Ich hatte Pfefferspray in den Augen und lag am Boden, sodass ich niemanden identifizieren konnte. Mindestens eine Person hat den Vorfall bemerkt und mich später zur Polizei begleitet. Aber man muss sagen: Das Ganze hat knapp fünf Minuten gedauert. Bevor die Männer auf mich zukamen, habe ich Menschen gesehen, die in der Straße geparkt und ihre Einkäufe nach Hause getragen haben. Es muss ein, zwei weitere Personen gegeben haben, die aus dem Fenster geschaut haben oder an mir vorbeigelaufen sind.

War das der erste mutmaßlich homophobe Angriff, den Sie erlebt haben?

In dieser Form und mit dieser Gewalt ja. Aber wer als queerer Mensch aufwächst, weiß, dass man immer Räume lesen muss, sich auf eine bestimmte Art anpassen und achtsamer sein muss. Heute mehr als früher. Denn unabhängig von konkreten Gewalttaten haben sich in den letzten Jahren auch die Grenzen des Sagbaren verschoben.

Wie äußert sich das?

Früher waren es verbale Anfeindungen oder Gewaltandrohungen mitten in der Nacht, wenn Betrunkene an einem vorbeigelaufen sind.

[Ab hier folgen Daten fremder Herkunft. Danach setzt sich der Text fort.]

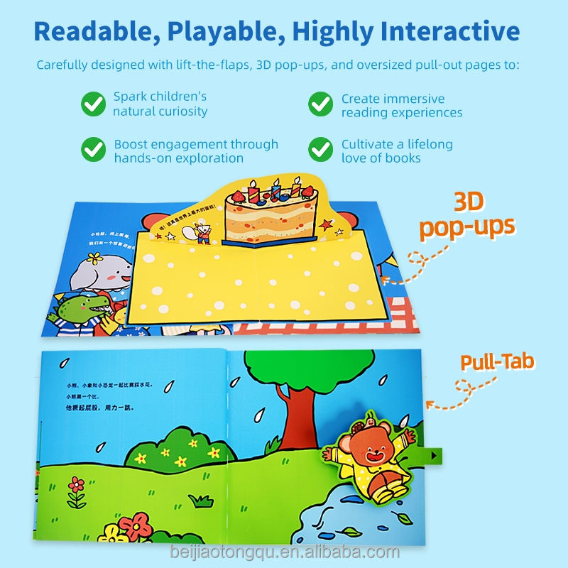 Libro Illustrato Pop-up 3D per Bambini 'Sunshine' di Hairun, Orsetto che Fa Amicizia, Stampa Personalizzata per Età 2-6 Anni
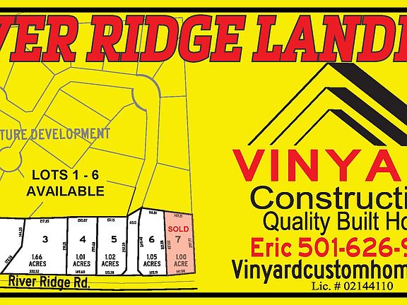 Do you need more room to spread out? Come see the new 1 ac plus size lots in one of Saline County's newest subdivisions, River Ridge Landing! Country living minutes from town, Benton Schools, Caldwell Elementary. The houses shown are examples of buildable plans. You can bring your own plan or work with Eric and Kathy with Vinyard Construction to design and build your dream home! 2,200 SF minimum and bill of assurance does apply.This home features a large open floor plan, 3 Bedroom, 2.5 bath, office, and dining area. This house is loaded with custom features including site finished oak hardwood flooring, built-in locker / drop area, granite countertops and more. More upgrades include a high efficiency HVAC system and tankless water heater. Give Eric and Kathy a call or text to schedule a tour of the available lots and start making your dream home a reality!!

Heute passiert es ungefiltert und mitten im Alltag. Es kann im Bus passieren – um 10 Uhr morgens oder um 20 Uhr abends. Es ist eigentlich völlig egal. Dafür braucht es kein bestimmtes Setting mehr. Der Angriff auf mich ist das beste Beispiel dafür: acht Uhr abends, mitten in einer Wohngegend.

Was hat sich im Vergleich zu früher verändert?

Viele hasserfüllte Menschen haben einfach keine innere Mauer mehr. Homophobie und Queerfeindlichkeit sind nichts Neues, aber heute haben diese Menschen keine Angst mehr davor, irgendetwas frei Schnauze zu sagen oder zu tun. Subtilität gibt’s nicht mehr.

Wann haben Sie diese Veränderung wahrgenommen?

Ich glaube, seit Corona. Als sich immer mehr Menschen radikalisierten und in den sozialen Medien ihre eigenen Echokammern schufen – um sich gegenseitig zu bestätigen und durch Algorithmen immer wieder gesagt zu bekommen: Das ist die einzige Wahrheit. Das lässt sich übrigens auch auf einer politisch-gesellschaftlichen Ebene beobachten: Vor Corona hieß es, die Generation Z sei progressiv. Danach wurde plötzlich behauptet, junge Menschen wählten AfD und würden immer konservativer. Und es stimmt! Viele junge Männer flüchten in tradierte Rollenbilder und suchen Antworten in Vorstellungen, die ihnen wieder Ermächtigung und Kontrolle geben. Das hat sich in den vergangenen Jahren enorm verändert.

Was müsste sich ändern, damit queere Menschen sich in Berlin wieder sicherer fühlen?

Darauf gibt es keine einfache Antwort. Es braucht mehr Bildung, mehr soziale Arbeit, mehr Aufklärung. Aber das betrifft nicht nur Berlin. Am Ende ist es die große Frage: Wer wollen wir als Gesellschaft sein? Viele Variablen haben die Narrative und die Antworten darauf verändert. Einzelne Maßnahmen werden da nicht mehr ausreichen.


Anmerkung der Redaktion: Auf Nachfrage der Berliner Zeitung bestätigte die Polizei, dass das zuständige Fachkommissariat die Ermittlungen in diesem Fall aufgenommen hat.